Locking down /bin/su

    I'm one of those people that prefers only the "wheel" user group to have the ability to change users, especially to root.  To do this, you must log in as root (making sure the user(s) that you want to have this ability are logged out), and then change the permissions on /bin/su:

chgrp wheel /bin/su
chmod 4710 /bin/su

    Then you should create /etc/suauth and set that up as well to prevent anyone but "wheel" group:

echo "root:ALL EXCEPT GROUP wheel:DENY" > /etc/suauth
chmod 0400 /etc/suauth

    This should make it so that only those belonging to the wheel group (other than obviously root itself) can use the su program.  This will also prevent, say, an upgrade or update to /bin/su from losing permissions that were set, from removing this restriction.  I would like to thank mancha and alienBOB from FreeNode IRC channel ##Slackware, for this tip.

Preventing Fork Bombs

    I wrote this after finally figuring out how to prevent fork bombs in Slackware.  Remember, I'm primarily a musician, I just happen to use Linux.  Anyways, add this line to /etc/profile:

ulimit -u 100

    This basically sets the maximum number of processes a user can run at one time to 100.  Since my normal amount (ps -U robert -u robert | wc -l) is about 50 or so, I'd think that I'm good to go now.
    I tested this myself, and while on my computer it tends to lag quite a bit while being fork bombed, the system can still be logged into locally by root and the fork bomb killed.  (By the way, don't think fork bombs are unique to Linux: any operating system can be fork bombed in almost any language by anyone with the determination to do so.  Windows can be fork bombed, and fork bombs can be inserted into Flash and Java.)

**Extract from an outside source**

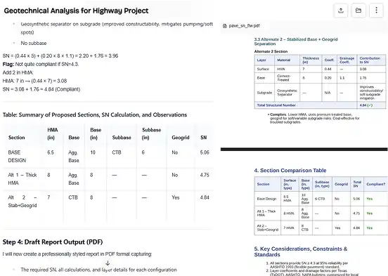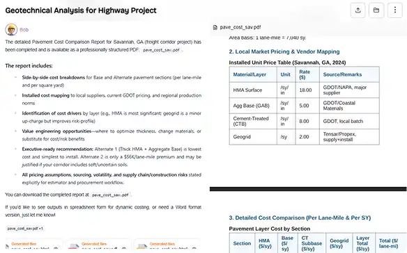 Don't let geotechnical data and pavement design stall your progress. Geotechnical Analysis Agent instantly analyzes borehole logs and soil data to generate optimized configurations using engineering logic and real-time pricing. It's a single, intelligent workflow for faster, smarter design decisions.

Preventing Ctrl+Alt+Backspace

    You've secured your Linux only to find that now anyone can bring your laptop out of suspend and by executing ctrl+alt+backspace log your user out of the graphical system (and in Slackware, if your machine starts up in level 3 init, use your login).  The solution is putting this in your /etc/X11/xorg.conf:

Section "Serverflags"
   Option "DontZap" "yes"
EndSection


    This should prevent anyone from logging you out of X.  Be warned, though, that this is global, meaning that you will lose the ability to execute ctrl+alt+backspace.

Preventing Firewire Hack

    I am being told that since Firewire has direct access to the RAM on a computer, it would be easy for an attacker who has the proper tool to insert a firewire device and copy the entire contents of a machine's RAM.  This means that even if you were to use encrypted disk with LUKS and LVM, an attacker could gain access to it using this tool.  I recommend that one blacklist (not load) the modules to firewire (assuming their machine has firewire ports and that they own no firewire devices).  While I no longer have a computer with Firewire, here's how to blacklist the modules (add this to /etc/modprobe.d/blacklist.conf):

# For the old Firewire modules:
blacklist ieee1394
blacklist ohci1394
# For the new Firewire modules:
blacklist firewire-core
blacklist firewire-net
bl
acklist firewire-ohci
blacklist firewire-sbp2

NEW: Locking Down X Server Access

    Recently, while reading a good book on UNIX security, I ran across instructions to lock down access to the local X server using xauth.  I set about trying to find out how to do this automatically using a ".conf" file, and as a result of my research, noticed in the xauth manual a reference to /etc/X0.hosts, which refers you to the Xserver manual.  It gave examples, one of which I found interesting.  To lock down X server authentication to only local users using xhost, put this line in /etc/X0.hosts:
LOCAL:

Conclusion

    This is most of the information I know about securing your box.  For information on other servers, be sure to search the internet and use the documentation provided.